Avec sa palette bizarre de percussions funestes (scie, enclume, hache, fouet, pioche, pelle et chaînes), avec sa rudesse, la dernière oeuvre de Janacek – que le compositeur morave laissera d’ailleurs inachevée, en 1928 -, compte parmi les opéras les plus poignants qui soient. Par son message profondément fraternel, qui veut croire qu’au fond des pires brutes brille toujours une étincelle humaine. Par sa forme, aussi, qui se contente de dépeindre la routine d’un bagne, à travers une mosaïque d’anecdotes et de récits de vie: inspiré des Souvenirs de la maison des morts, le roman semi-autobiographique de Dostoïevski (où l’écrivain russe relatait, en 1862, sa propre expérience de prisonnier politique dans un goulag sibérien), De la maison des morts n’a pas de fil conducteur. Pas de héros principal, non plus. Seulement des solistes masculins (18!) qui sortent çà et là de la masse chorale des détenus, pour dire, en des moments d’insaisissable beauté, l’atroce douleur de la réclusion.

Souffrir à perpétuité

Sans jamais réduire la musique dure, puissante et frénétique de Janacek à une « bande-son » (habilement déroulée par le chef allemand Michael Boder), cette juxtaposition quasi cinématographique d’histoires donne forcément la primauté à la scène. Après ses Médée, Macbeth, Lulu et Don Giovanni très applaudis, Krzysztof Warlikowski, leading light du théâtre européen, ne pouvait manquer d’empoigner cette pièce courte (une heure quarante, sans pause) pour dénoncer l’universalité de l’oppression pénitentiaire. Tout y est, des gros durs tatoués aux matons matraqueurs, des embrouilles aux solides passages à tabac, des frustrations sexuelles aux coups de couteaux perdus, des préaux où l’on déambule sans joie aux cellules glauques, que des télés saturent de clips, eux aussi tournant en boucle. Humiliation, violence, peur et solitude suintent de ces espaces clos, mais… un cran en dessous de la réalité. Warlikowski aurait été bien inspiré d’aller faire un petit tour à Saint-Gilles ou Forest: les mauvais garçons n’y sont pas tous des armoires à glace – les gardiens non plus, d’ailleurs. Et les vrais uniformes et draps de lits rapiécés, les chaises roulantes déglinguées, les murs salis d’excréments n’ont rien en commun avec ceux que présente le metteur en scène polonais, qui n’y va pourtant pas avec le dos de la cuillère. Manquent l’effroyable ennui, la crasse inouïe, les psychoses latentes et même la faim, et la désespérance, bien sûr, crève-coeurs quotidiens des quelque 10.000 prisonniers belges.
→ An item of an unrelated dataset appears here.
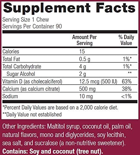 نسبة عالية من الكالسيوم وفيتامين د3: توفر كل مضغة 500 ملغ من الكالسيوم على شكل سترات الكالسيوم، و500 وحدة دولية من فيتامين د3 لتعزيز امتصاص الكالسيوم*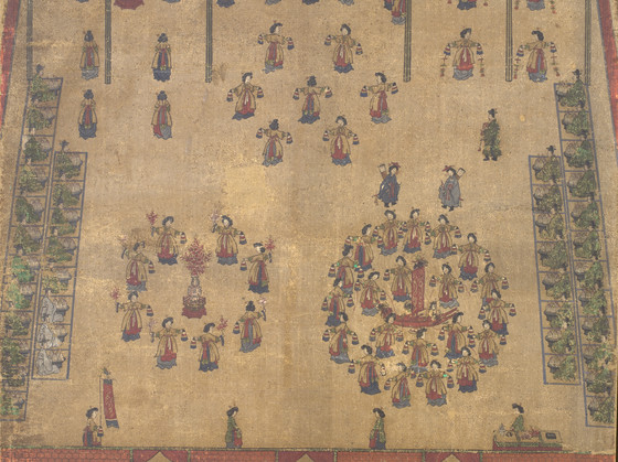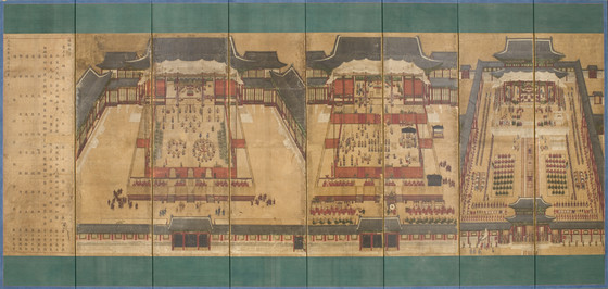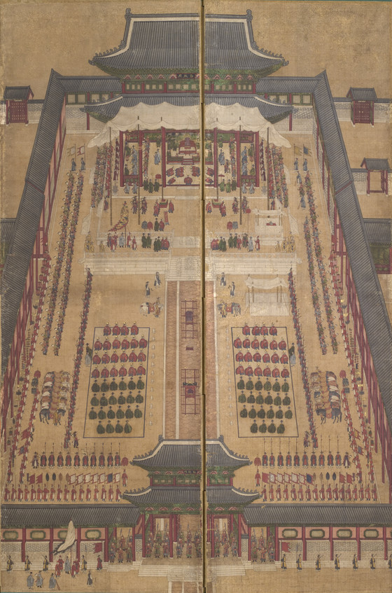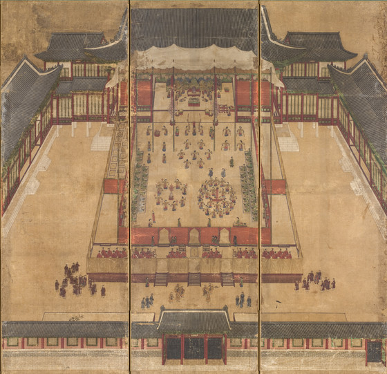 By the end of the eighteenth century, Korean royal banquet paintings had become codified and were mostly executed in a screen format with eight or ten panels. Because of the documentary nature of the screens, the artists faithfully followed the official Ceremonial Regulations (Uigwe), volumes which included woodblock print illustrations indicating exact details of the architecture and the arrangement of the event. Consequently, by the nineteenth century, artists had all but eliminated the landscape scenes of earlier banquet paintings. Painted with great detail, LACMA’s screen is a valuable asset for understanding documentary painting and the political atmosphere of Korea in the early nineteenth century.

Soyons indulgent, cependant. Si les images vidéo insérées d’un Michel Foucault aux propos amphigouriques critiquant le système carcéral paraissent quelque peu datées, celles extraites du documentaire afro-américain Gangster Backstage (2013) touchent, elles, à l’authentique. Du jeune Noir enfermé derrière les barreaux pour un crime inconnu à qui l’on demande comment il imagine sa propre mort, il suffit de méditer la réponse glaçante ( » Terrifiante « ) pour aimer follement Janacek et louer encore, et encore, son infinie mansuétude.

De la maison des morts, de Leos Janacek: à La Monnaie, à Bruxelles, jusqu’au 17 novembre. www.lamonnaie.be.